PNT measurements from STL are intended to be used for a variety of applications:

• providing position and precision timing that is resilient to regional outages of Global Navigation Satellite Systems (GNSS)
• aiding GNSS acquisition
• augmenting GNSS measurements when not enough GNSS satellites are in view

The STL system allows a receiver to decode the signal and perform precise Doppler and range measurements at attenuation levels that penetrate into GNSS-challenged environments. The strength and fidelity of the signal are sufficient to allow it to pass through structures and other occlusions, providing coverage in deep indoor and urban canyon environments.

Security is also a key attribute of STL’s PNT capability. The Satelles service utilizes signal authentication techniques to enable a proof-of-location approach that allows STL to deliver a secure, trusted time and location capability that is effectively impervious to manipulation.

In settings where both GNSS and STL time and location fixes are possible, STL complements GNSS with additional PNT information. The key advantage of STL, however, is its ability to provide time and position fixes under conditions in which GNSS is not available. In this respect, GNSS and STL are complementary technologies, and receivers supporting both are ideal to deliver assured PNT.

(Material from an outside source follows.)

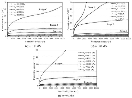 Under different dynamic stress amplitudes, there are obvious differences in the cumulative law of the permanent strain of the filler. To be specific, for Range A, when the dynamic stress amplitude was small enough, the accumulation curve remained stable for a long time after a small amount of strain accumulation in the initial several cycles, and no new deformation accumulation occurred. For Range B, with the gradual increase in the dynamic stress amplitude, the development rate of the strain increased gradually. In this process, new deformation accumulation occurred in each external load cycle, and the permanent deformation showed a continuous and slow growth trend. For Range C, when the dynamic stress amplitude exceeded a certain limit, the permanent deformation curve showed an upward trend, a large cumulative strain occurred in a very short time (εp > 5%), and the sample was damaged. According to the development trend of cumulative strain, even at small stress levels, all samples showed plastic strain, which indicated that the actual working state of railway subgrade filler was usually not a purely elastic state.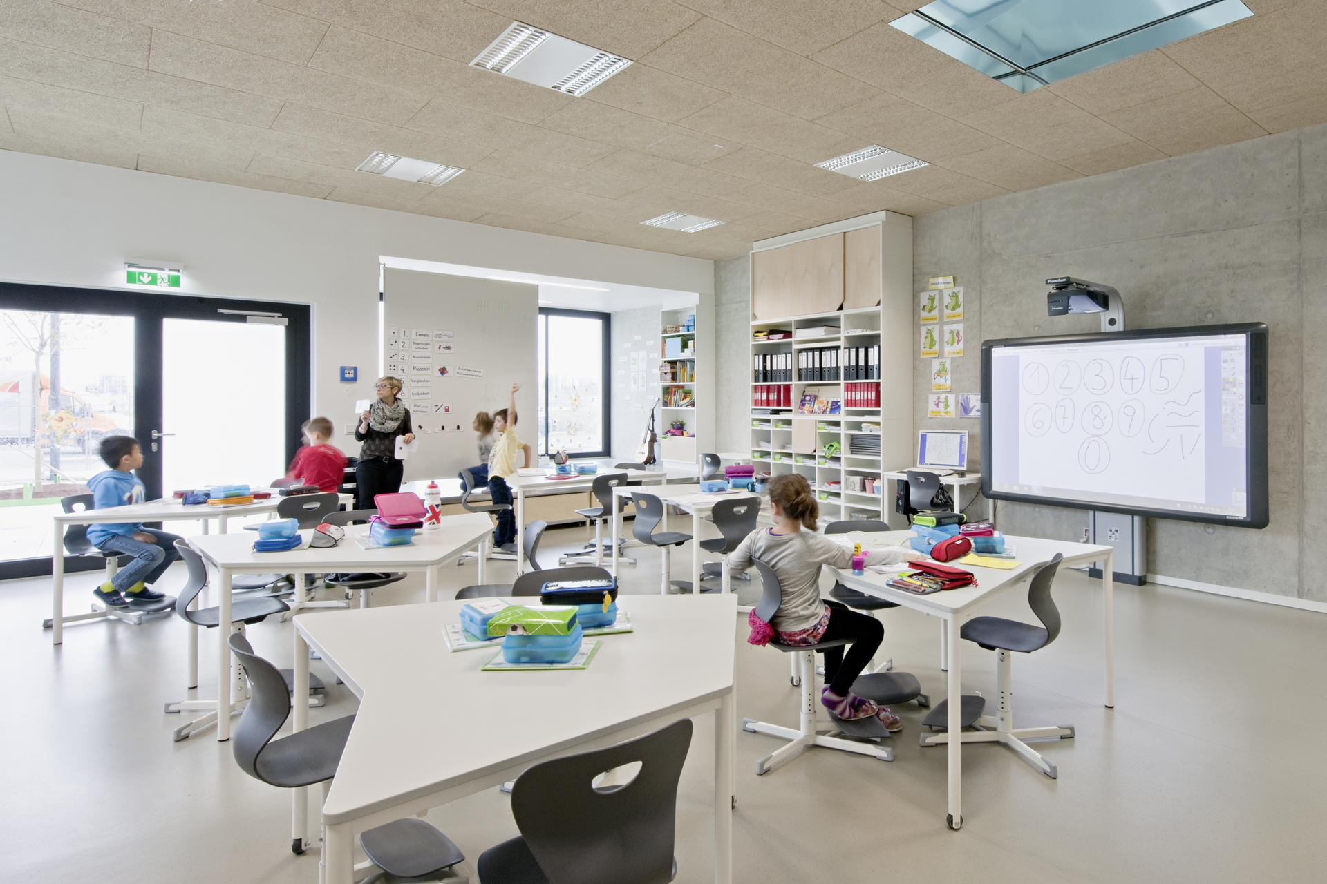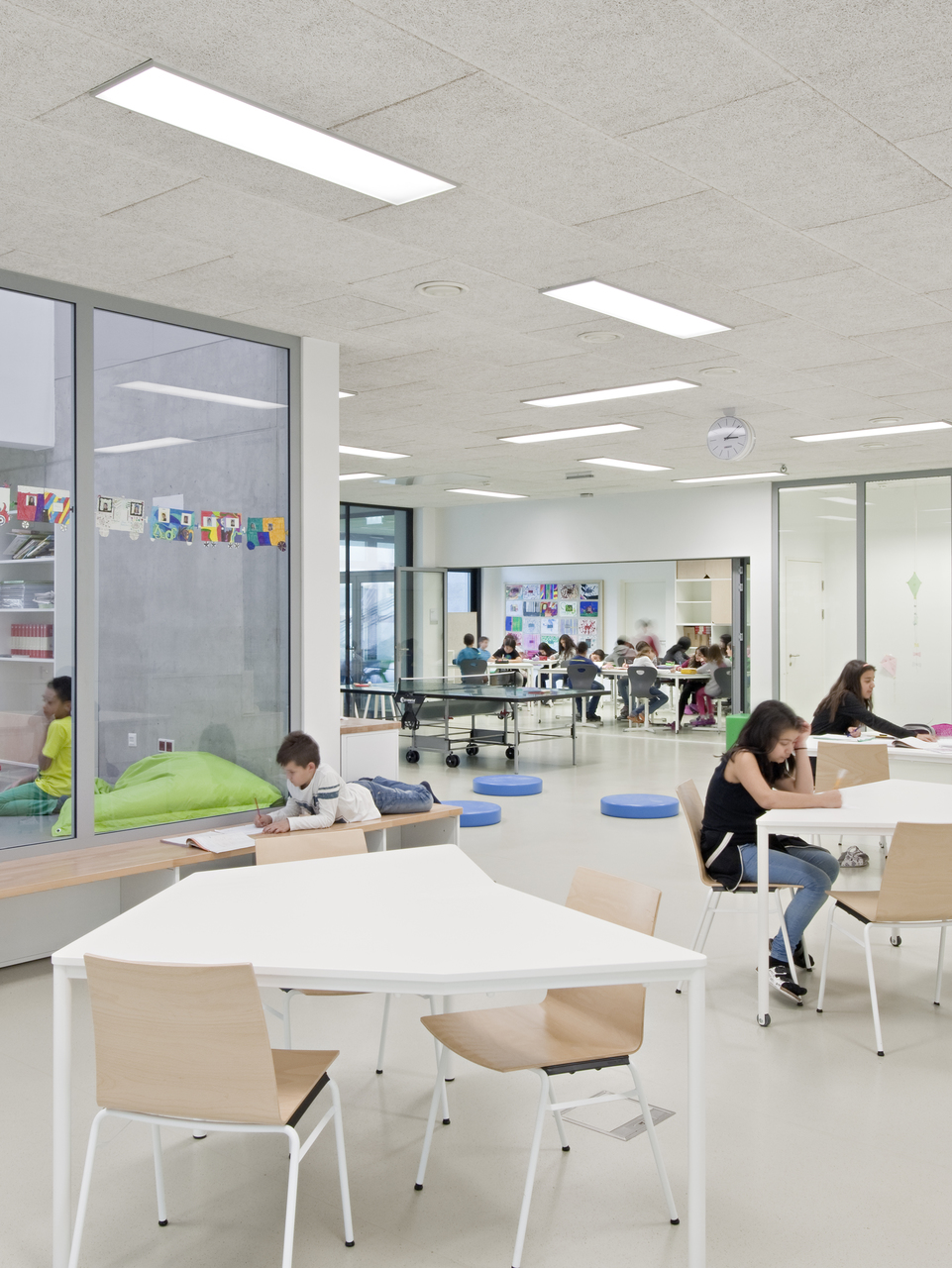 Neu ist neben der Form der Tische auch deren Höhe: die Kinder sitzen, gemessen an Volksschulstandards, deutlich erhöht. Für die Lehrer ermöglicht die erhöhte Position eine vergleichsweise entspannte Körperhaltung bei den Interaktionen am Tisch. Die Sitzhöhe fördert zudem den Bewegungsdrang der Schüler, was förderlich ist, denn im Unterschied zu früher ist das Aufstehen und Verlassen des Tisches während der Unterrichtsstunde Teil des pädagogischen Konzepts. Apropos Unterrichtsstunde: die aktuellste Debatte führt in die Richtung, dass der Unterrichtseinheit bald die letzte Stunde geschlagen hat. Dann folgt nach der räumlichen Öffnung auch eine zeitliche Öffnung des Unterrichts.

Detection and Mitigation of GPS/GNSS Disruption and Manipulation

PNT solutions based on STL detect and mitigate GPS/GNSS signal disruption and manipulation. Resilience is achieved through the strength and security of the STL signal and the design of user equipment.

The STL signal is about 1,000 times (30 dB) stronger than GPS/GNSS and extremely difficult to disrupt. This means that when the much weaker signal from GPS/GNSS is affected by interference (or simply degraded due to environmental conditions), an STL-equipped receiver detects the loss of GPS/GNSS service and continues to deliver rock-solid PNT data by seamlessly transitioning to STL.

As with disruption, the exceptional strength of the STL signal compared to GPS/GNSS makes it significantly less susceptible to attack and therefore more reliable when facing threats from manipulation. A further protection is in how STL exploits the complex and overlapping beam patterns of the Iridium satellite signals and incorporates authentication techniques in ways that make it very difficult to manipulate.

User equipment that integrates STL capabilities is designed to detect manipulation by constantly comparing PNT data from GPS/GNSS and STL to determine when the values deviate beyond an acceptable tolerance threshold. If a GPS/GNSS signal is hijacked by an inauthentic signal delivering false and potentially dangerous PNT information, an STL-capable receiver will generate a user alarm and automatically switch to STL as the primary source of PNT data.

Organizations that depend on accurate and trustworthy PNT information for civil and commercial applications can count on STL to provide resilience by overcoming the threats posed by GPS/GNSS disruption and manipulation.